A local business came to us frustrated. They had paid another company to set them up with OpenClaw — an AI assistant that, on paper, did everything they wanted. In practice, it did two things very reliably: it timed out, and it forgot.

The gateway in front of the assistant was unstable. Long requests died with timeout errors, often right in the middle of a task. Worse, there was no memory built in. Every conversation started from zero. The team found themselves explaining the same context — who the client was, what the project was, what they'd asked yesterday — over and over again. It felt less like an employee and more like talking to someone with no short-term memory.

They didn't want to throw out the idea of an AI assistant. The idea was right. The implementation was letting them down.

What we moved them to

We migrated them to Hermes — our AI personal assistant platform, built to behave like a real virtual employee rather than a stateless chatbot. The move was deliberate and staged, so the team never lost access to the help they'd come to rely on.

The core of the new setup:

  • Persistent memory. Hermes remembers. Context from past conversations, decisions, and recurring tasks carries forward, so the team stops repeating themselves. The longer it runs, the more useful it gets.
  • A real SQL database and structured logs. Instead of an opaque black box, Hermes stores its state in a proper database, and every action is logged. That makes it stable, auditable, and debuggable.
  • A stable gateway. The timeout problems that plagued the OpenClaw setup were largely a gateway and architecture issue. Hermes runs behind a properly configured, health-checked gateway, so long-running tasks complete instead of dying halfway.
  • A library of prebuilt apps and skills.
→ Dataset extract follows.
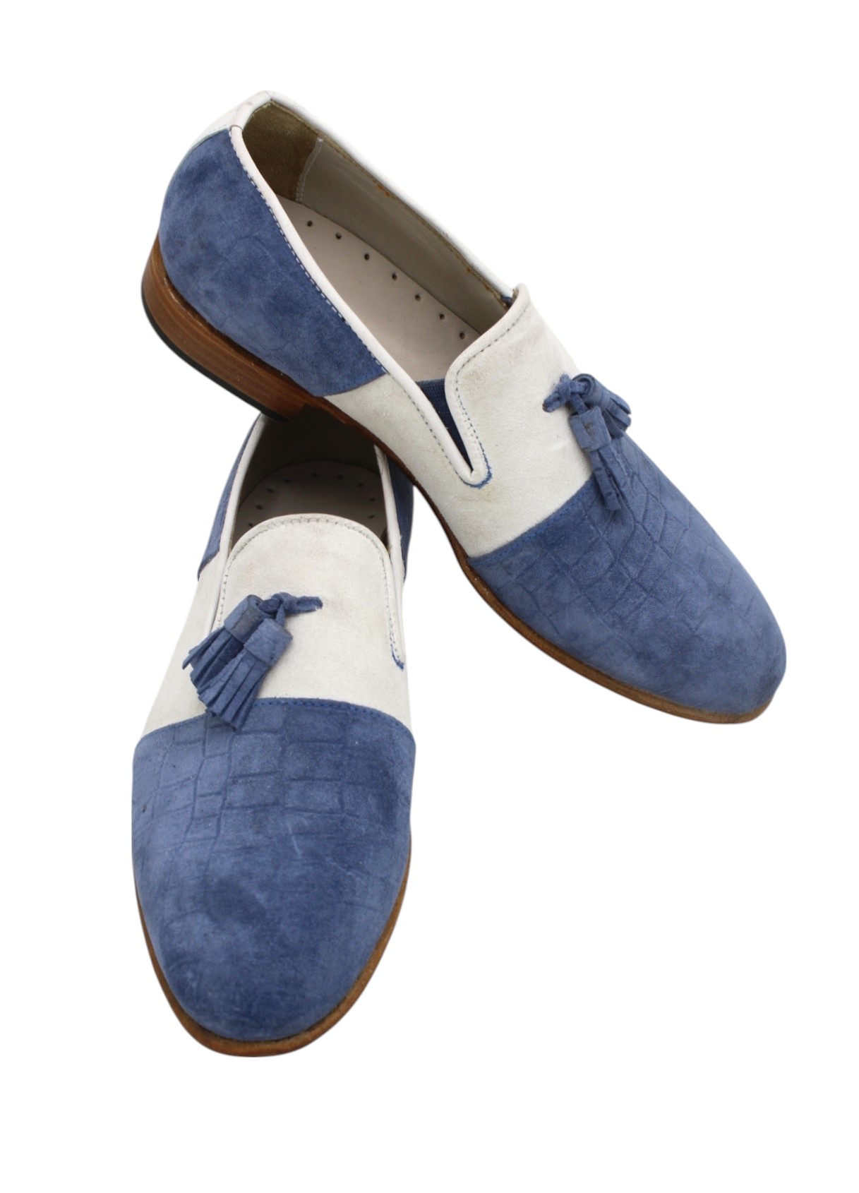 Crafted Leather Classic White Blue Crocodile Tassel Loafer Mens Shoes

Hermes ships with a growing set of ready-made integrations and tools, so common jobs don't need to be built from scratch.
  • Docker-based security isolation. Hermes runs inside a Docker environment, sandboxed away from the rest of the company's systems. If something goes wrong, it's contained.
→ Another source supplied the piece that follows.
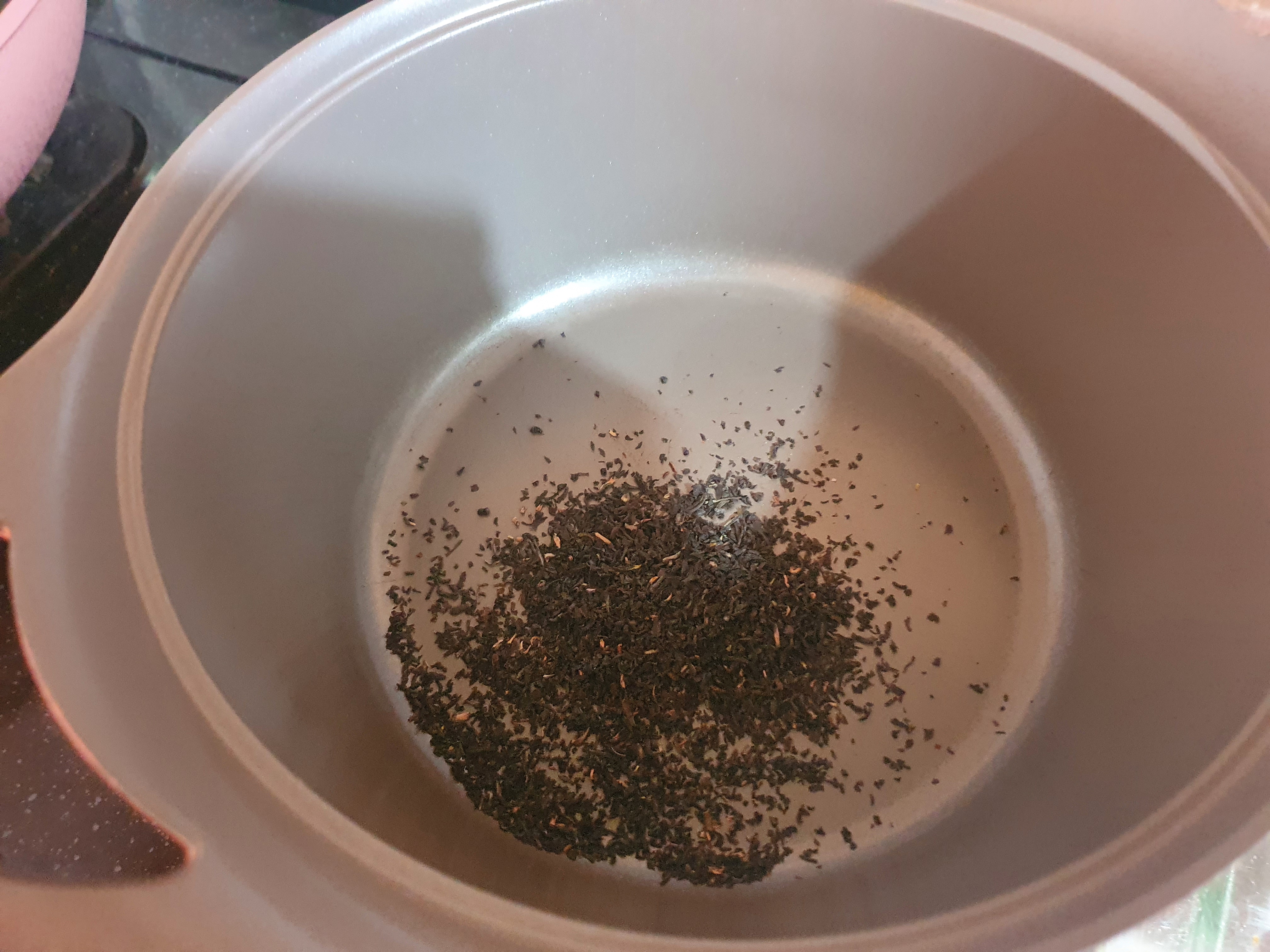 그래서 밥 숟가락으로 0.5 스푼 찻잎을 더 추가해주었다.

Why it gets better over time

The thing the team noticed first was that OpenClaw never improved. It was as clueless in month three as it was on day one.

Hermes is the opposite. Because it has memory and a database underneath it, every week of use compounds:

  • It learns the business's recurring questions and context.
  • It builds up a working knowledge of the team's projects and people.
  • We connect it to more tools and data sources as trust grows.
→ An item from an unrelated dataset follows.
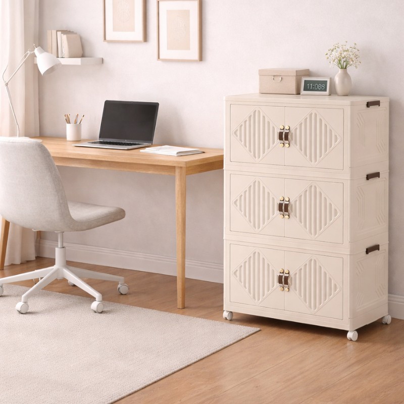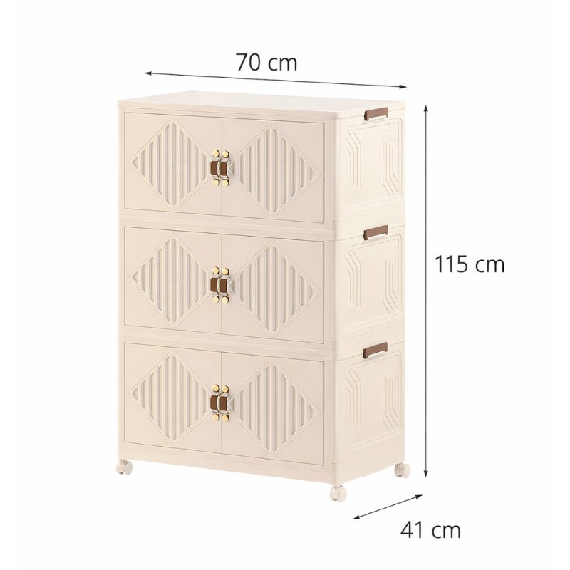 H VESTA Πλαστική ντουλάπα αποθήκευσης - συρταριέρα 3 επιπέδων αποτελεί την ιδανική λύση για οργανωμένους και λειτουργικούς χώρους, συνδυάζοντας τον κομψό σχεδιασμό με τη μέγιστη  πρακτικότητα. Ο μοντέρνος σχεδιασμός της σε ουδέτερο χρώμα την καθιστά κατάλληλη για κάθε χώρο του σπιτιού ή της επιχείρησης, ενώ η κάθετη κατασκευή της εξοικονομεί πολύτιμο χώρο χωρίς να περιορίζει τη χωρητικότητα.

A standout example: we connected Hermes to the team's Obsidian vault through MCP (the Model Context Protocol). Now the assistant can read and reason over their own notes and knowledge base — and it keeps learning more about how the business actually works the more they write. Their documentation became something the assistant could use, not just somewhere notes went to die.

Security and operations — the honest version

We're upfront with clients about what they're getting, so here's the straight version.

  • Run it behind a private network (VPN). Hermes is powerful, which means access needs to be controlled. We configure a virtual private network so the team can connect to their assistant safely from anywhere — without exposing it to the open internet.
  • It's isolated by design. The Docker environment keeps Hermes sandboxed from the rest of the company's infrastructure. Blast radius stays small.
  • Everything is logged. Because actions go through a database and structured logs, unusual activity is visible rather than hidden.
  • It's still beta software, and it needs daily updates. Hermes is evolving fast. That's a strength — it improves constantly — but it means it needs updating regularly, effectively every day, to stay current and secure. We handle that maintenance as part of the service so the client doesn't have to think about it.

We'd rather a client know it's beta and improving daily than oversell it as finished. The team understood the trade-off and were happy to make it, because even in beta it was already far ahead of the stable-but-useless setup they came from.

The result

The repetition stopped. The timeouts stopped. The team now has an assistant that remembers what they told it last week, pulls from their own knowledge base, runs safely in isolation, and gets a little more capable every week.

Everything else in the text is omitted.